Top of Dataset

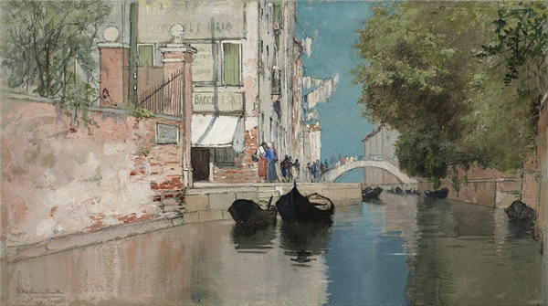 简介: 弗朗西斯·霍普金森·史密斯 (Francis Hopkinson Smith)-在去公共花园的路上粉彩
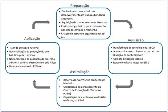 A Figura 19 mostra o ciclo de aprendizagem tecnológica do projeto da Nova Família de Blindados sobre Rodas (NFBR). Na etapa de preparação, o Exército procurou retomar o conhecimento acumulado nos projetos anteriores de viaturas blindadas desenvolvidos em parceria com a empresa Engesa, como a VBTP-MR Urutu, Cascavel e Osório (BASTOS JÚNIOR, HIGUCHI e BACCHI, 2015). O início do projeto também foi marcado pelo processo de seleção de tipos de profissionais necessários. A maioria dos engenheiros e profissionais do Exército não possuía experiência no desenvolvimento de viaturas blindadas, então a preparação dos profissionais ocorreu de duas formas: aquisição de conhecimento na literatura; envio de um grupo de profissionais para especialização nos Estados Unidos e na Alemanha. Por meio das interações proporcionadas pela estrutura organizacional ad hoc, que facilitou o compartilhamento de conhecimento entre os profissionais, o Exército realizou atividades como testes de performance e engenharia.
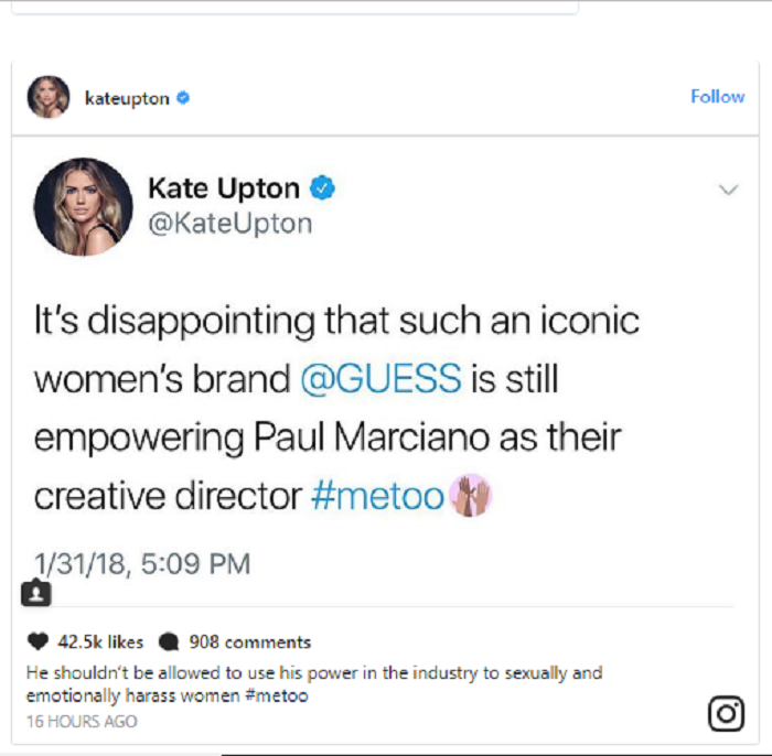 Former GUESS model Kate Upton added her voice to the #MeToo convo Thursday morning, using social media to speak out against Paul Marciano, co-founder of the company.
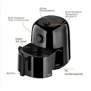 Essa Air Fryer possui uma capacidade de 3,5L, permitindo que você prepare uma quantidade generosa de alimentos de uma só vez. Além disso, ela possui um timer sonoro e desligamento automático, garantindo que você não precise se preocupar com o tempo de cozimento.
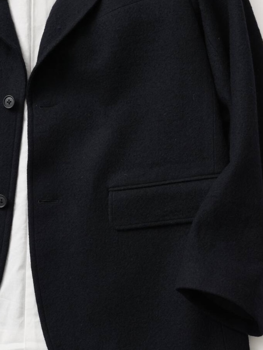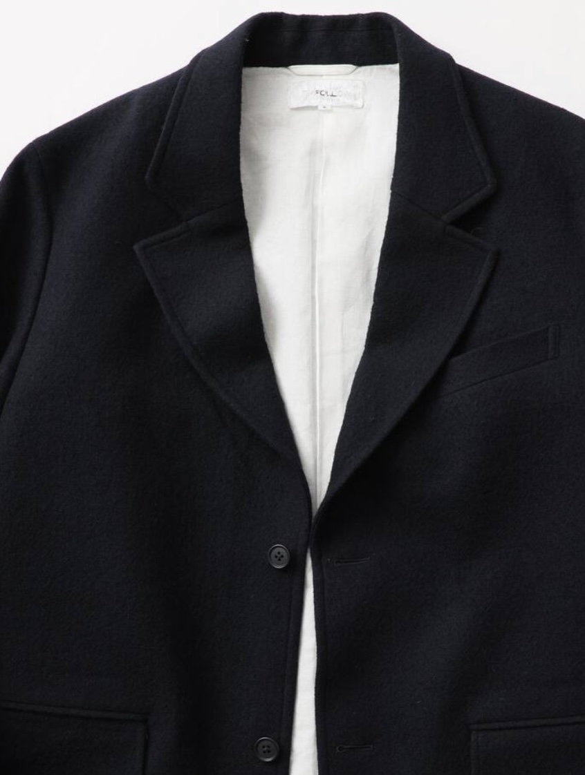 大阪のテーラーによるハンドソーイングシリーズ最新作。シングルのジャケットですが、アイロンワークのみで作ったフロントの段返りの表情や、各所に手作業の工程を入れることで出る柔らかさなど、所有者に馴染む柔らかさを持ったジャケットに仕上げました。堅さや重さを感じない立体的なサイズバランスも特徴です。ウールパンツと合わせてクラシカルに。デニムやチノと合わせてカジュアルダウンにも◎着るほどに愛着が深まる、唯一無二のネイビージャケットです。UNISEXアイテム。特性状個々で風合い・サイズに若干の差がある場合がありますご了承くださいませ。

Bottom of Dataset

• **What the exercise asks**: Without any pictures, repeat the listing exactly.

• **Exercise response**:
 简介: 弗朗西斯·霍普金森·史密斯 (Francis Hopkinson Smith)-在去公共花园的路上粉彩
 A Figura 19 mostra o ciclo de aprendizagem tecnológica do projeto da Nova Família de Blindados sobre Rodas (NFBR). Na etapa de preparação, o Exército procurou retomar o conhecimento acumulado nos projetos anteriores de viaturas blindadas desenvolvidos em parceria com a empresa Engesa, como a VBTP-MR Urutu, Cascavel e Osório (BASTOS JÚNIOR, HIGUCHI e BACCHI, 2015). O início do projeto também foi marcado pelo processo de seleção de tipos de profissionais necessários. A maioria dos engenheiros e profissionais do Exército não possuía experiência no desenvolvimento de viaturas blindadas, então a preparação dos profissionais ocorreu de duas formas: aquisição de conhecimento na literatura; envio de um grupo de profissionais para especialização nos Estados Unidos e na Alemanha. Por meio das interações proporcionadas pela estrutura organizacional ad hoc, que facilitou o compartilhamento de conhecimento entre os profissionais, o Exército realizou atividades como testes de performance e engenharia.
 Former GUESS model Kate Upton added her voice to the #MeToo convo Thursday morning, using social media to speak out against Paul Marciano, co-founder of the company.
 Essa Air Fryer possui uma capacidade de 3,5L, permitindo que você prepare uma quantidade generosa de alimentos de uma só vez. Além disso, ela possui um timer sonoro e desligamento automático, garantindo que você não precise se preocupar com o tempo de cozimento.
 大阪のテーラーによるハンドソーイングシリーズ最新作。シングルのジャケットですが、アイロンワークのみで作ったフロントの段返りの表情や、各所に手作業の工程を入れることで出る柔らかさなど、所有者に馴染む柔らかさを持ったジャケットに仕上げました。堅さや重さを感じない立体的なサイズバランスも特徴です。ウールパンツと合わせてクラシカルに。デニムやチノと合わせてカジュアルダウンにも◎着るほどに愛着が深まる、唯一無二のネイビージャケットです。UNISEXアイテム。特性状個々で風合い・サイズに若干の差がある場合がありますご了承くださいませ。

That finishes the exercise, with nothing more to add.